What is required:
Print, in exact form, the lines below from the one containing "Keybed felts come" through the one containing "Burmese Group –", and omit all others.

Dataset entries
>>>>>
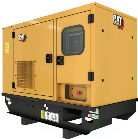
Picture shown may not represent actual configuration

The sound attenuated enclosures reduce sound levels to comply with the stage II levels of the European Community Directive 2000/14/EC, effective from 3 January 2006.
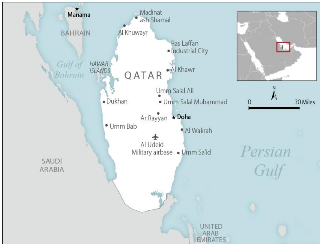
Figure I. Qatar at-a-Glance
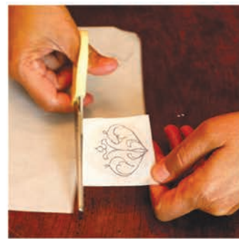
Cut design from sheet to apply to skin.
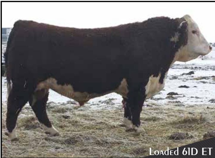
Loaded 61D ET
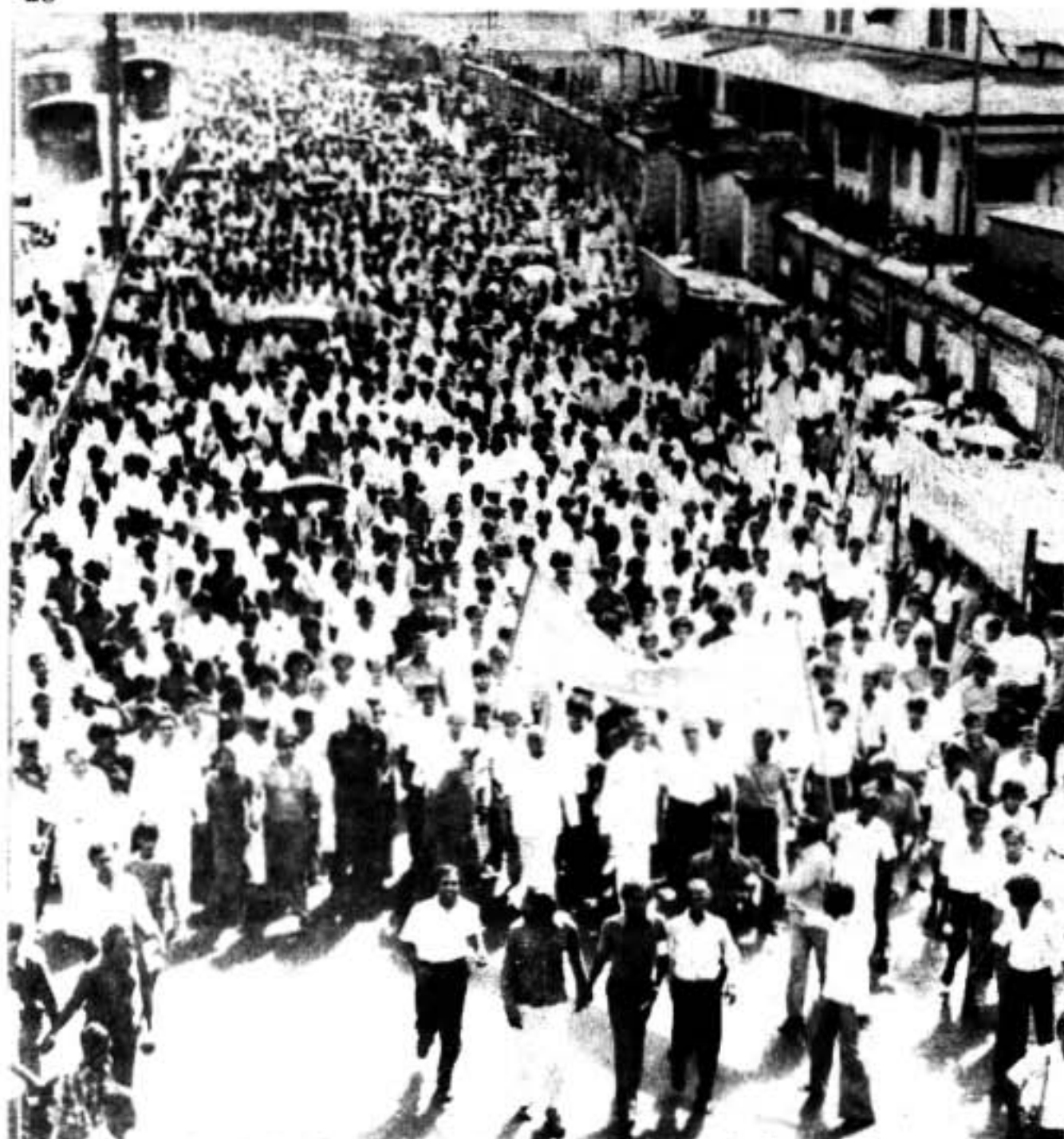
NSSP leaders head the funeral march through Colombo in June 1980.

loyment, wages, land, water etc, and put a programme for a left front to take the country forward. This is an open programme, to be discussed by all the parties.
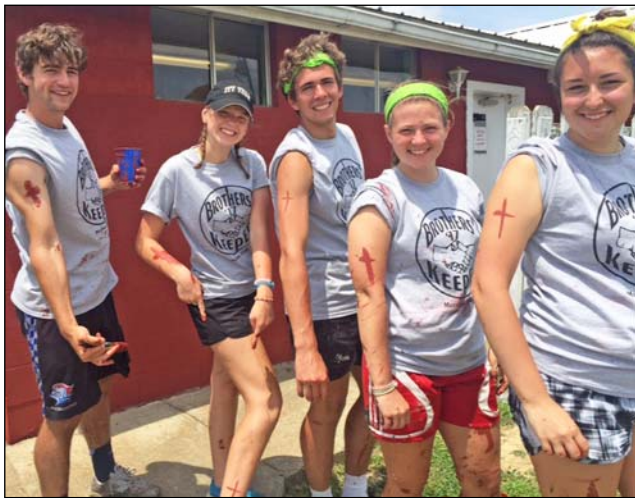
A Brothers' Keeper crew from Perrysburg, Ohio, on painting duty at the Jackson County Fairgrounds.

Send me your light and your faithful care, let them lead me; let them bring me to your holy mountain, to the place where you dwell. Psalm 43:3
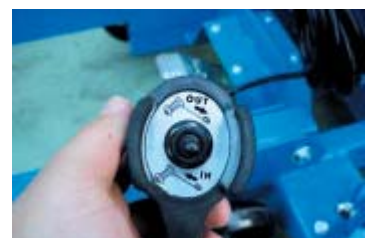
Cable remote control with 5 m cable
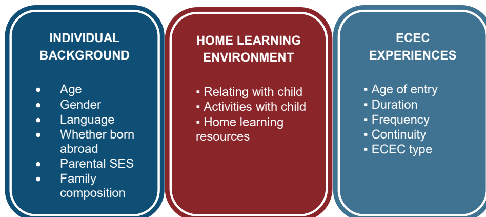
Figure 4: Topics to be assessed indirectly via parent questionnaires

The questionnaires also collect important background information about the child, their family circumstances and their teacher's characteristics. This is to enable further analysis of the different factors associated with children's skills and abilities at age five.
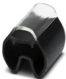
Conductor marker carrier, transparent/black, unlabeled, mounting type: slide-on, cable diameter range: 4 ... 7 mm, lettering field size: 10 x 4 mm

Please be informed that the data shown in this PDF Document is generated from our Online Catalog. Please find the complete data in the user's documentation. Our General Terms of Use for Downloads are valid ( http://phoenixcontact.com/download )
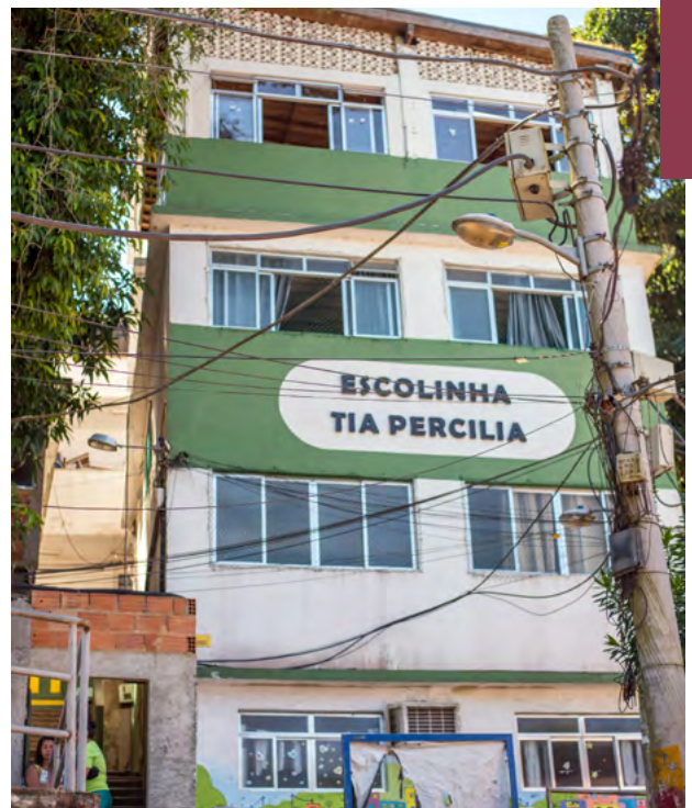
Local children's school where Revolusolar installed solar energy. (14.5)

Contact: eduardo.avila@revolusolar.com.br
<<<<<
>>>>>
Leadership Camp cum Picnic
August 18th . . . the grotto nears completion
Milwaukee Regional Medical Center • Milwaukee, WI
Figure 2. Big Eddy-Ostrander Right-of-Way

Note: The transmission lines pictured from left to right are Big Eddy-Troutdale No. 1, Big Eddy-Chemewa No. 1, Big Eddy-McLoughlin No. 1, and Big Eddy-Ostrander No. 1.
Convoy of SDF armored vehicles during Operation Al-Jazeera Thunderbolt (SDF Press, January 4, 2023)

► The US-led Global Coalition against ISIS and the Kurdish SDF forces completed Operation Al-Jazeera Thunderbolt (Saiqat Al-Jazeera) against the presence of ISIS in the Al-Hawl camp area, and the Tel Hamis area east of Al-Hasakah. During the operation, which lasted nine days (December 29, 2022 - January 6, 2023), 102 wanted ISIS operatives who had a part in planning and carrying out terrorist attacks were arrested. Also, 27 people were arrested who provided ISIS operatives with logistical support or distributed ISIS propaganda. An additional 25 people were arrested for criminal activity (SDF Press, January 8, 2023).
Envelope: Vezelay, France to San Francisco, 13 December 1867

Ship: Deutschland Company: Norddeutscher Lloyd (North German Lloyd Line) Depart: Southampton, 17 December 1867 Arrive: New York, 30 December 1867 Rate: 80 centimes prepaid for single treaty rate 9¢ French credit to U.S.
<<<<<
>>>>>
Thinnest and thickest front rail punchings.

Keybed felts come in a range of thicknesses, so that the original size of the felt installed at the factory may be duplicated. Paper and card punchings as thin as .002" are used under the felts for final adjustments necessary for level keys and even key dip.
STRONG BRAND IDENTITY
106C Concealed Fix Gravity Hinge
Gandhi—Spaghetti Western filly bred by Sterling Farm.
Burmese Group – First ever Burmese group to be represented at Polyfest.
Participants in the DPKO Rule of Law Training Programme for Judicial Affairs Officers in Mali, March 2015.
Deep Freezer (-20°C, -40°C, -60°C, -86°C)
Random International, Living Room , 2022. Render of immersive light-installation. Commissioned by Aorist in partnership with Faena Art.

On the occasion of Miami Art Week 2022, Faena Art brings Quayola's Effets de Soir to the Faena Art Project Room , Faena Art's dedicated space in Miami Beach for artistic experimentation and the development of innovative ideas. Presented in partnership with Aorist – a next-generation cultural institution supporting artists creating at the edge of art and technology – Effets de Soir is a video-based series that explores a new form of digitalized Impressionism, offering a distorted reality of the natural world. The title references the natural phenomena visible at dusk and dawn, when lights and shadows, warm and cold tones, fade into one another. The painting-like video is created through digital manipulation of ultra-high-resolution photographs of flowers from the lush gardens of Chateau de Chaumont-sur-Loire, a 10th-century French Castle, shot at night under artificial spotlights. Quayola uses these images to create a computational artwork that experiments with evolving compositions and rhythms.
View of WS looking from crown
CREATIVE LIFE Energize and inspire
<<<<<
Your response:
Keybed felts come in a range of thicknesses, so that the original size of the felt installed at the factory may be duplicated. Paper and card punchings as thin as .002" are used under the felts for final adjustments necessary for level keys and even key dip.
STRONG BRAND IDENTITY
106C Concealed Fix Gravity Hinge
Gandhi—Spaghetti Western filly bred by Sterling Farm.
Burmese Group – First ever Burmese group to be represented at Polyfest.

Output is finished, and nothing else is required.